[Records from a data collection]

* * * * * * *

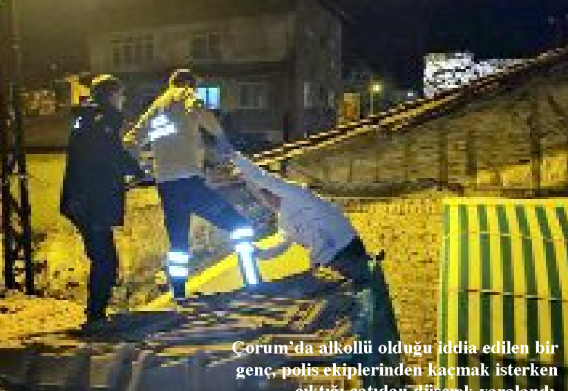
Çorum'da alkollü olduğu iddia edilen bir genç, polis ekiplerinden kaçmak isterken çıktığı çatıdan düşerek yaralandı.
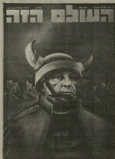
שרון תשמי"ב ויקונו פראי

הוא לא יצייר עוד אנשים-שנה. בשבוע שעבר, בגיל 63, נפטר לפתע פתאום. מנהל חברת-פיטוטום, שבה עבד לפני שנים, אמר עליו בפשטות: «איש נהדר». אין מה להוסיף על הגדרה זו.
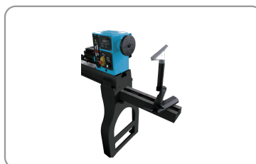
Prolunga e supporto utensile esterno
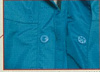
前立てレインガーター仕様
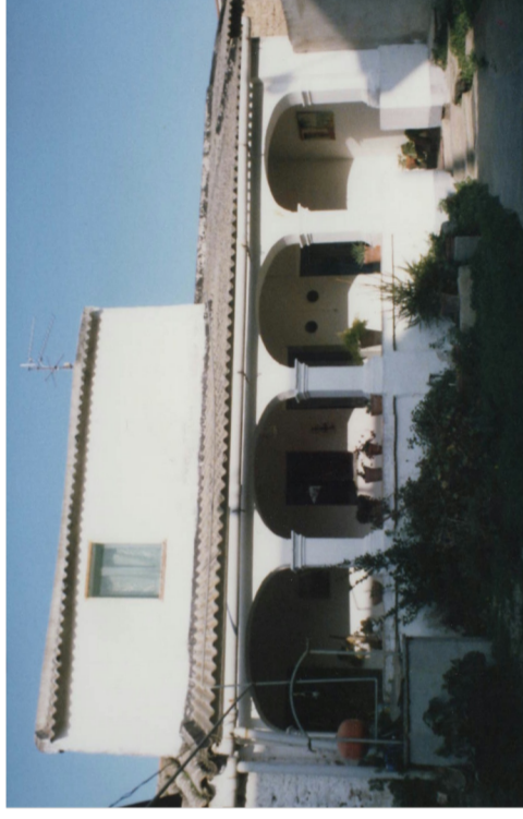
Documentazione Fotografica 1984 _ UMI 21.09
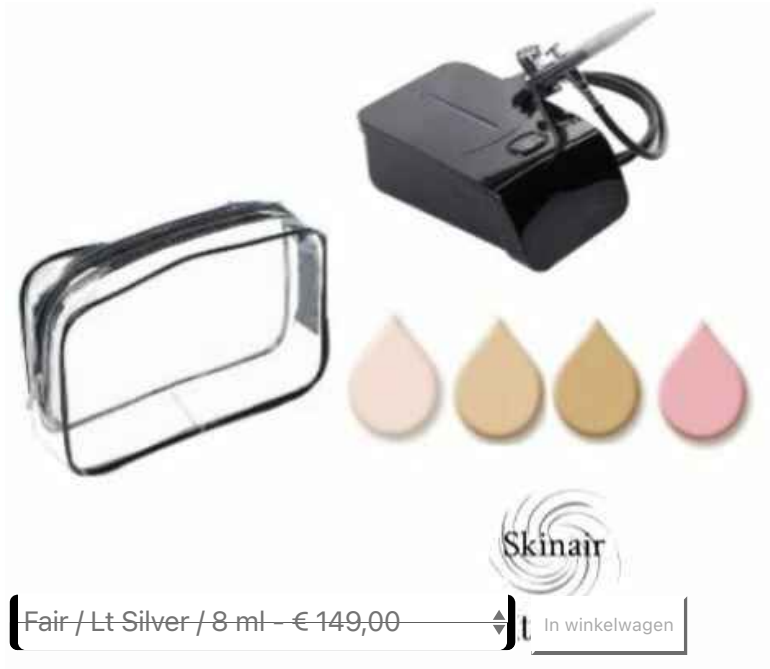
Corrective Kit € 149,00
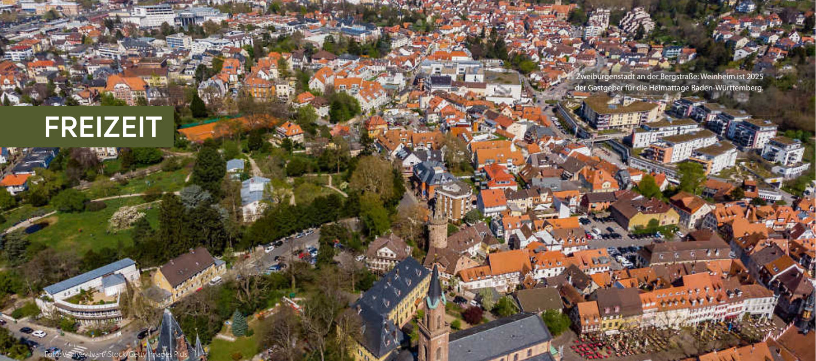
Zweibürgenstadt an der Bergstraße: Weinheim ist 2025 der Gastgeber für die Heimattage Baden-Württemberg.
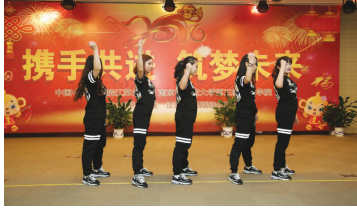
舞蹈《I will be back》骨科

* * * * * * *

**Activity:**
Starting at the line that contains "הוא לא יצייר" and ending at the final line of the data, reproduce each line exactly. Pictures stay out of the copy.

**Result of this exercise:**
הוא לא יצייר עוד אנשים-שנה. בשבוע שעבר, בגיל 63, נפטר לפתע פתאום. מנהל חברת-פיטוטום, שבה עבד לפני שנים, אמר עליו בפשטות: «איש נהדר». אין מה להוסיף על הגדרה זו.
Prolunga e supporto utensile esterno
前立てレインガーター仕様
Documentazione Fotografica 1984 _ UMI 21.09
Corrective Kit € 149,00
Zweibürgenstadt an der Bergstraße: Weinheim ist 2025 der Gastgeber für die Heimattage Baden-Württemberg.
舞蹈《I will be back》骨科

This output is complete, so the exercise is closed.